And I said, -He will say what he will, and we will discover’t soon enough, but just now we are here two together, and what shall we do about that? And therefore we did the only thing we could do.

-Not until that we were dressed, she in her own proper clothes and I eschewing working-dress, did she say, I dreamed again.

-The same?
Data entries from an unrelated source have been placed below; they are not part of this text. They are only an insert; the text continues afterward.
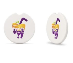 Here’s an intriguing one! Instead of the standard coaster, these will make an impression in more than one place. Why? These will fit in your car’s cup holder! These fit most cars and will keep spills to a minimum. It has a finger notch for easy removal from clean and dry cup holders. Every car will have your logo! Made of naturally absorbent stone. Check out our collection of stone car coasters for the best in one-of-a-kind, handcrafted items from our custom coasters product.
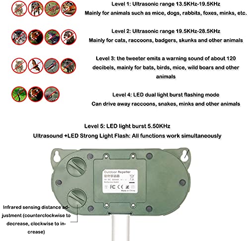 ✔ Carga USB y energía solar: Hay un panel solar en la cabeza del búho. Deje que el búho absorba la energía cuando hace sol. Además, viene con una batería de litio recargable de 500 mAh. También puede cargar el repelente ultrasónico a través de la alimentación USB. 5 MODOS AJUSTABLES La frecuencia irregular y variable hace que sea más efectivo ahuyentar a los animales más agresivos que pueden adaptarse y volverse inmunes a una banda de frecuencia en particular.
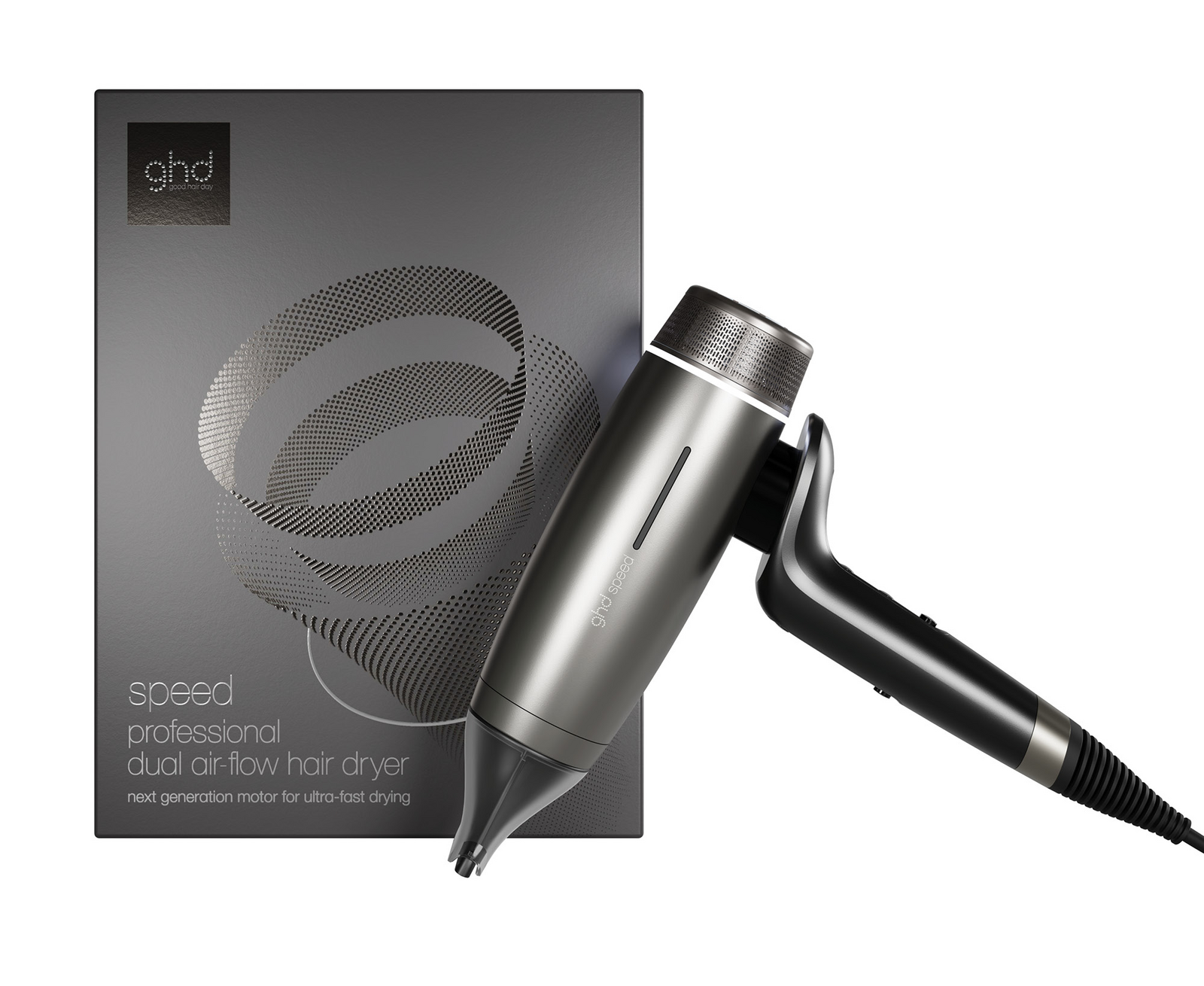 The ghd Speed Professional Hair Dryer is ghd’s fastest and most advanced styling tool to date. Featuring breakthrough ghd halo™ dual-airflow technology, it delivers ultra-fast drying and a 56% increase in shine while maintaining total scalp comfort.
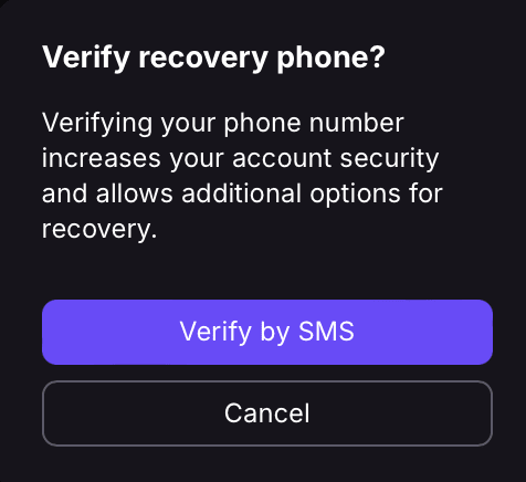 7. You’ll be sent a code by SMS to confirm that the recovery phone number belongs to you.

I asked her.

-Ay, the same.

-Well, said I, there’s no help on’t for now, we must needs go speak with thy father. (I durst not even contemplate mine own father; I have seen him in a rage, I was sore affrighted of him as a child and did oft-times feel his belt and more than his belt for small petty things that were offences in his eyes; I did not wish to occasion his wrath as a man grown.)

’Twas not so great a distance from my lodging to the house of Catherine’s father, the which was also his shop and smaller by as much as half than that of Master Pakeman.

-Something is wrong, Catherine said to me as we approached; there was a mess of folk in the street and all milling about like unto pismires in an ant-nest stirred up with a stick; I am afeard, she said.

And in truth I was concerned also for that the crowd did seem to centre upon Master Alsop’s.

-What’s the moil, I asked a man that was standing by; he knew not; but another turned and said, -’Tis Master Alsop the printer; they say he’s murdered.

And Catherine cried out, -No, no, no.

I caught her hand to hold her from running, saying, -Wait, we’ll go together; and she was white like unto chalk; I could not stay her.    
73

I would have staid her from beholding the body an I could, but she was not to be held back, nor spared the sight, the sight I had more than half expected. Her father’s corpse was blue in colour, dry like unto an husk, tumbled like a bottle of cloth in a corner of his small chamber; the knuckle of his right hand was bloody, an he had been in a brawl, and there were blood-stains and smears by the door-jamb, the which made me think on some thing I could not quite recall. And after a time they bore the body away for burying in Pulcher’s bone-yard.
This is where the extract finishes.